私の頭の中には「お兄ちゃんが事故に遭った」という情報がガンガン鳴り響いていた。とにかく早くお兄ちゃんの運ばれた病室に行きたい。それなのにどの病室にも微妙にお兄ちゃんとは違う同年代の男性が居るばかりで、たどり着けない。似た背格好の人の肩を掴んで振り返らせると別人。ナースステーションを目指そうとしても、階段ばかりが続いて足がもつれる。やがて大きな窓から見下ろした中庭に、コロンと転がる長い棒を見つける。お散歩用の、相棒のステッキ。
大量の汗が噴き出る感覚と同時に意識を引き戻され、自分が夢をみていたこととここが田舎の麻子さんの家であることを、時間を掛けて思い出した。

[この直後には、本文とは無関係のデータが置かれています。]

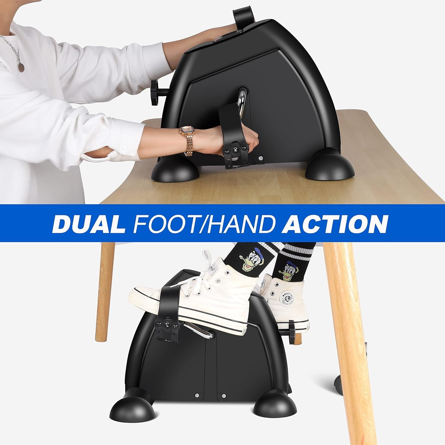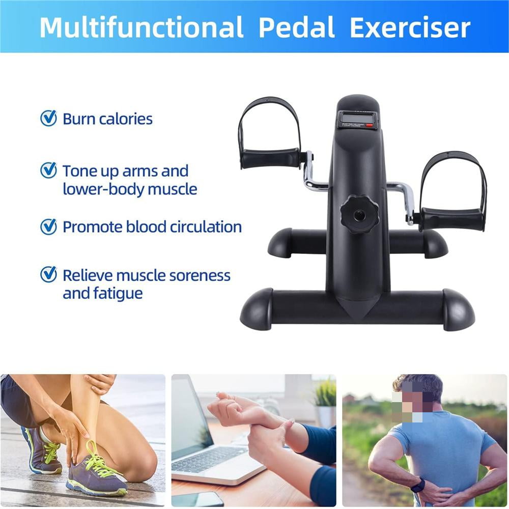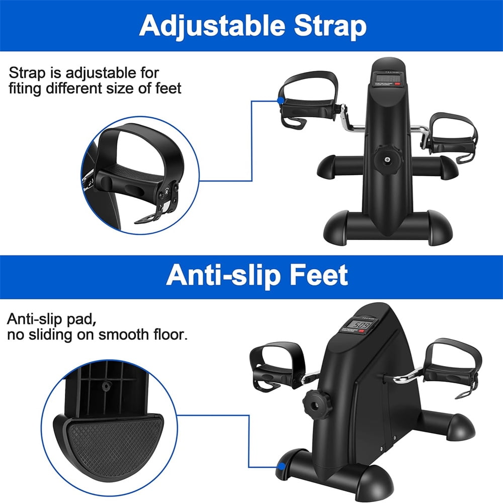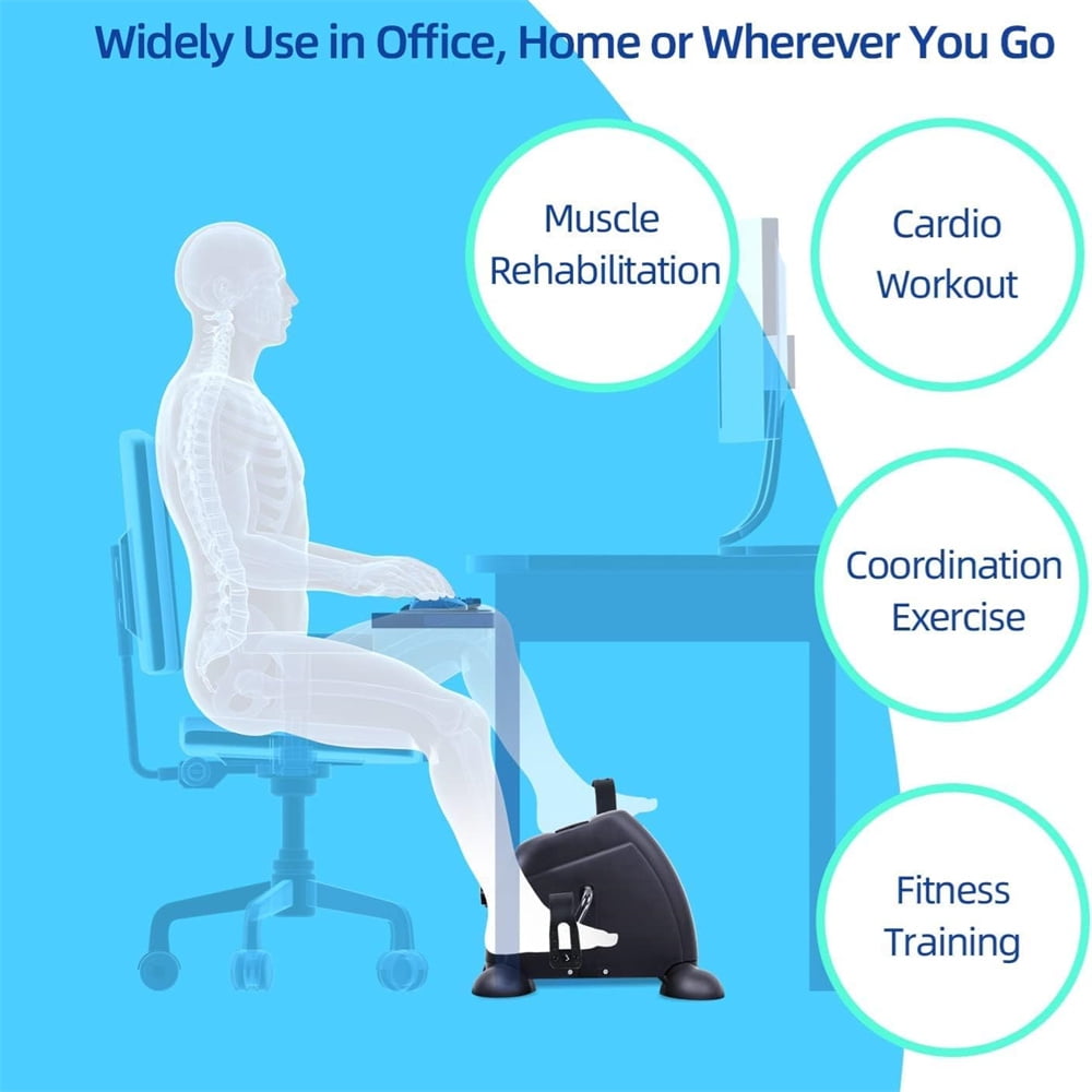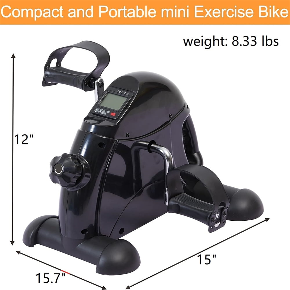 STATIONARY BIKES FOR HOME This under desk cycle combining arm and leg exercises, not only allows you to exercise to the muscles and joints of the knees, ankles, feet, but also can be served on the table to exercise the arms, wrists, shoulders and other joints. It is served for office workers, elderly people, people with sports injuries, and rehabilitators to do physical therapy to relieve pain, restore and maintain motor function. MULTIPLE STABILITY DESIGN Weighing only 8.33 pounds, This under desk bike pedal exerciser supports one-handed hold and release with non-slip pedals as well as non-slip feet for stability during exercise, and adjustable four-hole straps serve to protect both feet and hands for added comfort and safety, making it ideal for home use. NON-SLIP PEDALS This desk exercise equipment features non-slip rubber feet pads for added stability and to stop the mini bike from sliding when in use. Non-slip grips on the exercise bike pedals prevent hands and feet from slipping. ADJUSTABLE RESISTANCE The adjustable resistance knob of the exercise mini bike can meet different physical conditions and bring a personalized experience. No noise is made during exercise, which is great for beginners with this low impact exercise, ideal for rehabilitation after surgery or injury. Specially designed for the elderly and rehabilitators. MULTI-FUNCTIONAL DISPLAY The multi-function digital display can display time, distance, total count and calories through the buttons in use. Helps increase strength, improve coordination and circulation. Large and easy-to-read display can keep track of your workout progress easily and allow you to read all data clearly. PORTABLE AND EASY TO STORE Lightweight design, portable and easy to assemble. The portable handle function makes the fitness exercise bike always ready. Product size: 15″ x 15.7″ x 12″(LxWxH). You can put it under the desk, beside the sofa or in the locker. Small size and space saving – can be served at home or office. Specification: Material: Stainless Steel + Plastic Main Color: Black/White Size: 15″ x 15.7″ x 12″(LxWxH) Weight: 8.33 lbs Power supply for electronic watch: 1 x AAA battery(not included battery) Package List: 1 x Main body 2 x Pedal 2 x Front and rear pads 1 x Instruction 5 x Screw 5 x Gasket 2 x Tools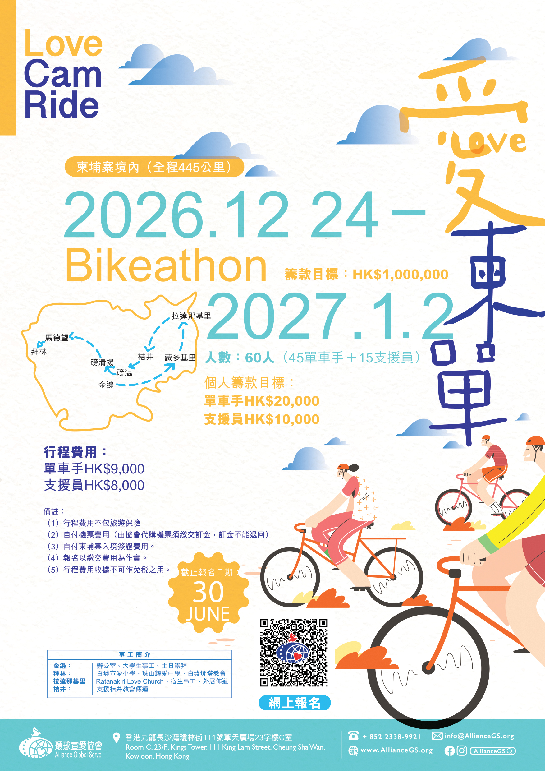 - 自付機票費用(由協會代購機票須繳交訂金HK$4,000,訂金不能退回),若自行訂機票,請於12月24日早上10:15到達金邊德崇國際機場(KTI)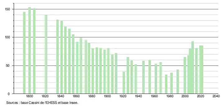 L'évolution du nombre d'habitants est connue à travers les recensements de la population effectués dans la commune depuis 1793. Pour les communes de moins de 10 000 habitants, une enquête de recensement portant sur toute la population est réalisée tous les cinq ans, les populations légales des années intermédiaires étant quant à elles estimées par interpolation ou extrapolation[25]. Pour la commune, le premier recensement exhaustif entrant dans le cadre du nouveau dispositif a été réalisé en 2004[26].

隣の布団に目をやると空だったので、血の気の引いた視界でのたのたとキッチンに向かうと、お兄ちゃんはちゃんとそこにいた。籐の椅子に深く腰掛けて、右足をもう一つの椅子に上げて伸ばしている。
「そのカップがお気に入り?」
お兄ちゃんは手にしていた深い藍色のコーヒーカップを少しだけ持ち上げて「これが一番手に馴染むんだ」と玄人っぽい発言をした。
「燈子。寝ながら大泣きしただろう?」
「そんな顔してる?」
「いや、見てた。で、見ていられなくなって、逃げてきた」
お兄ちゃんはふっと息を吐いて、雨の音を聞くように目を閉じた。私はお兄ちゃんの近くに、ぺたりと腰を下ろした。
「最近、どうしたの?」
ちょっと言いにくそうに顔を歪めたが、お兄ちゃんは静かにゆっくりと答えてくれた。
「……雨が降ったら気圧の云々で怪我が痛むっていう話があるだろ。あれをな、今モロに体験している」
「もしかして、梅雨になってからずっと?」
「ああ、ずっと」
目を開けて、首の角度を変えたお兄ちゃんと目があった。私の目は、たぶん真っ赤になって、少し腫れているんだろう。お兄ちゃんはちょっとだけ目を細めた。
「……我慢強いのは、お兄ちゃんの悪い癖だよ」
「そうだなあ。あんなに泣かせるなら、言えばよかったなあ」
ごめんな、とお兄ちゃんは私の頭を撫でた。気付かなかった私の方が謝らなくてはいけない筈なのに、いつだって先に謝ってしまうお兄ちゃんのせいで私はタイミングを逃してしまう。